6. The reconstruction method for a wind turbine manufacturing system based on digital twins according to any one of claims 1 to 4, characterized in that, The product indicators include production efficiency indicators, production cost indicators, and production quality indicators.
7. The reconstruction method for a wind turbine manufacturing system based on digital twins according to any one of claims 1 to 4, characterized in that, The process involves correcting the candidate process parameters in the candidate process parameter set based on the simulation results to obtain reconstructed process parameters, followed by: Based on the reconfigured process parameters, process adjustment instructions are constructed; The process adjustment instruction is sent to the wind turbine manufacturing system to instruct the wind turbine manufacturing system to produce according to the process adjustment instruction.

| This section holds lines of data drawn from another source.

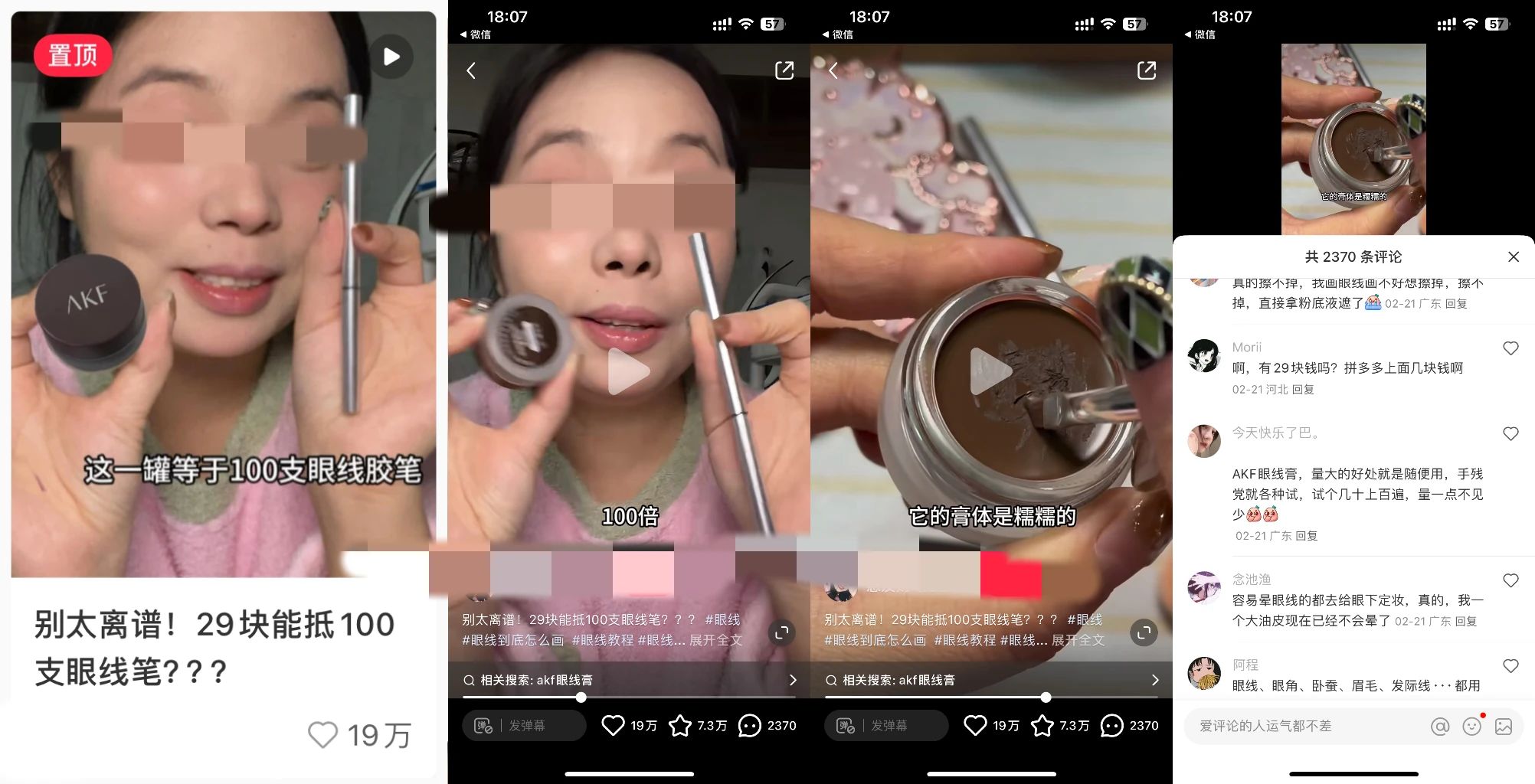 小红书爆文内容:博主种草“AKF眼线膏”,从克数,对比,质地和展示分别把眼线膏笔的亮点展示的淋漓尽致,特别是质地的展示,给人一种不管是新手还是老手都能信手拈来的感觉,直接就对博主的推荐种草了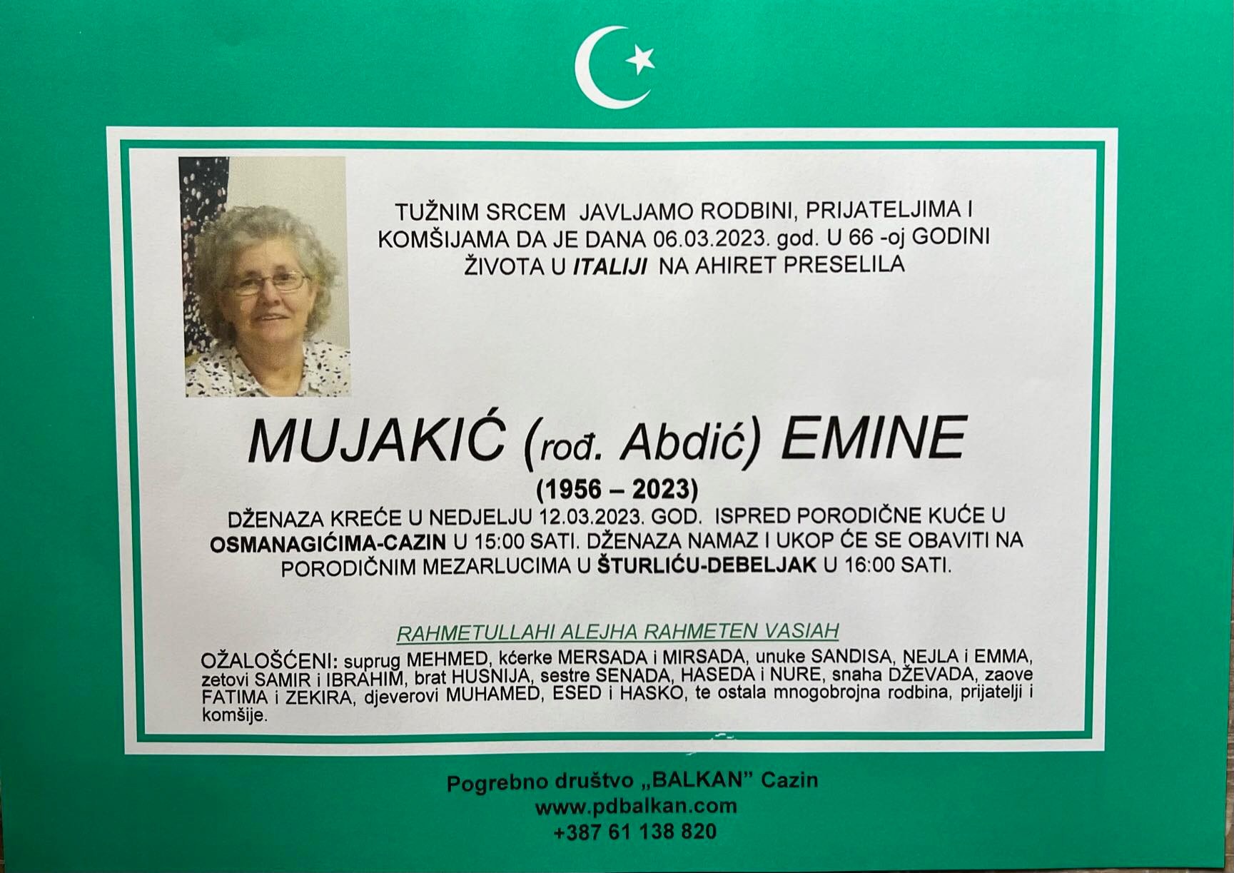 Tužnim srcem i bolom u duši javljamo rodbini, prijateljima i komšijama da je naša draga Mujakić (rođ. Abdić) Emine, dana 06.03.2023. godine u 66-oj godini života u Italiji, preselila na Ahiret.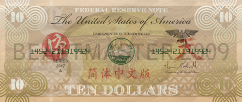 I messed with the back of the not last night. again just suttle changes, mostely covering over stuff. here I tried to encorperate symbols represented on the real dollar bill like the eagle and the illuminati all seeing eye. I also thought it might be cool to have the southwell symbol as an silver authenticity strip or something.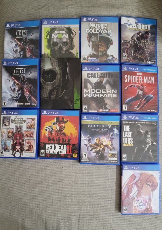 Doki Doki Literature club - $15 The last of us Remastered - $15 Call of Duty advanced warfare - $10 Destiny the taken king legendary edition - $10 call of duty modern warfare 2 (with limited edition case) - $20 Kingdom hearts melody of memory - $10 call of duty modern warfare 1 - $10 Marvel spider man - $20 Star wars Jedi Fallen order - $15 Red Dead Redemption 2 - $20 Call of Duty Cold War - $25

8. A reconfiguration device for a wind turbine manufacturing system based on digital twins, characterized in that, include: The acquisition unit acquires historical product indicators corresponding to historical process parameters of the wind turbine manufacturing system. The function construction unit constructs a production prediction function between the product indicators and the process parameters of the wind turbine manufacturing system based on the historical process parameters and the historical product indicators. The optimization unit, with the goal of optimizing the product indicators, solves the production prediction function to obtain a set of alternative process parameters; The simulation unit inputs the set of alternative process parameters into the digital twin system for simulation and obtains simulation results. The reconstruction unit corrects the candidate process parameters in the candidate process parameter set based on the simulation results to obtain the reconstructed process parameters; The reconfiguration process parameters are applied to the wind turbine manufacturing system.
9. An electronic device comprising a memory, a processor, and a computer program stored in the memory and executable on the processor, characterized in that, When the processor executes the computer program, it implements the reconstruction method of the wind turbine manufacturing system based on digital twins as described in any one of claims 1 to 7.
10. A non-transitory computer-readable storage medium having a computer program stored thereon, characterized in that, When the computer program is executed by the processor, it implements the reconstruction method of the wind turbine manufacturing system based on digital twins as described in any one of claims 1 to 7.